LDN implementations may be senders, receivers or consumers. The conformance criteria for each of these roles are described in their respective sections of this specification.

For this specification to advance to Proposed Recommendation, there must be at least two independent, interoperable implementations of each feature. Each feature may be implemented by a different set of products. There is no requirement that all features be implemented by a single product.

• Independent implementations are developed by different parties and cannot share, reuse or derive form another qualifying implementation code which is directly pertinent to the implementation of this specification.
• Interoperability occurs between senders and receivers, or between consumers and receivers, when the sender/consumer makes a request to the receiver, and the receiver sends the expected response, as defined by this specification.
• An implementation is an LDN sender, receiver or consumer which implements the corresponding conformance class of the specification.
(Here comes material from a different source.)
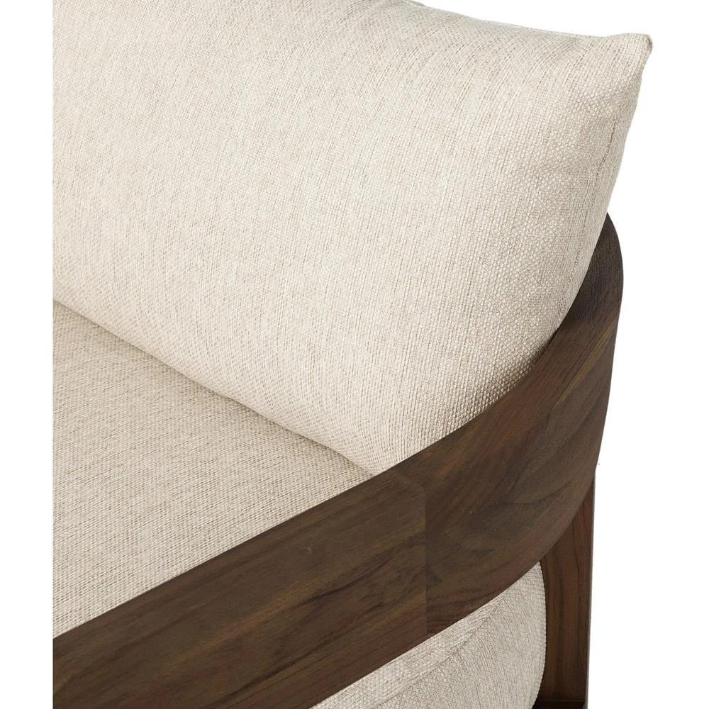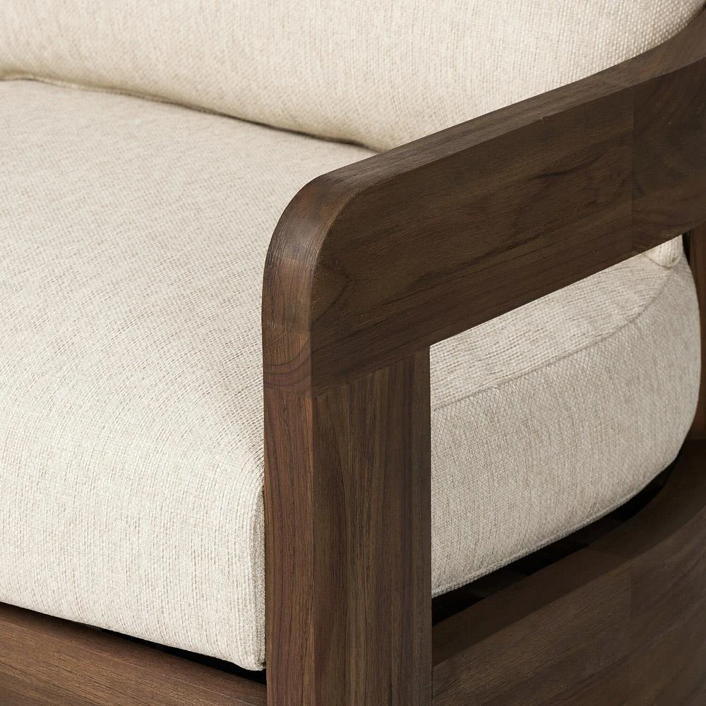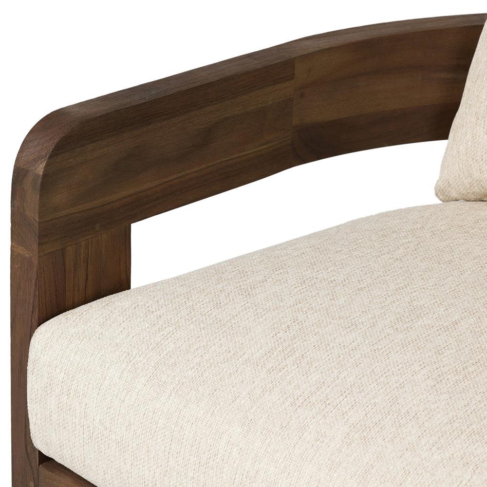 • Aviel Rustic Lodge Beige Upholstered Teak Outdoor Barrel Arm Chair|Kathy Kuo Home

For the purposes of evaluating exit criteria, each of the following is considered a feature:

• Advertising the Inbox of a given resource through the Link header.
• Advertising the Inbox of a given resource through the body of the resource.
• Sending a notification to the Inbox of a given target.
• Receiving a notification and responding with the appropriate status code according to how it was processed and if it was accepted. Responding to GET requests on the Inbox with the Inbox listing, and responding to GET requests on the individual notifications with their representations.
• Reading the Inbox listing of a given target.
• Reading the individual notifications in the Inbox of a given target.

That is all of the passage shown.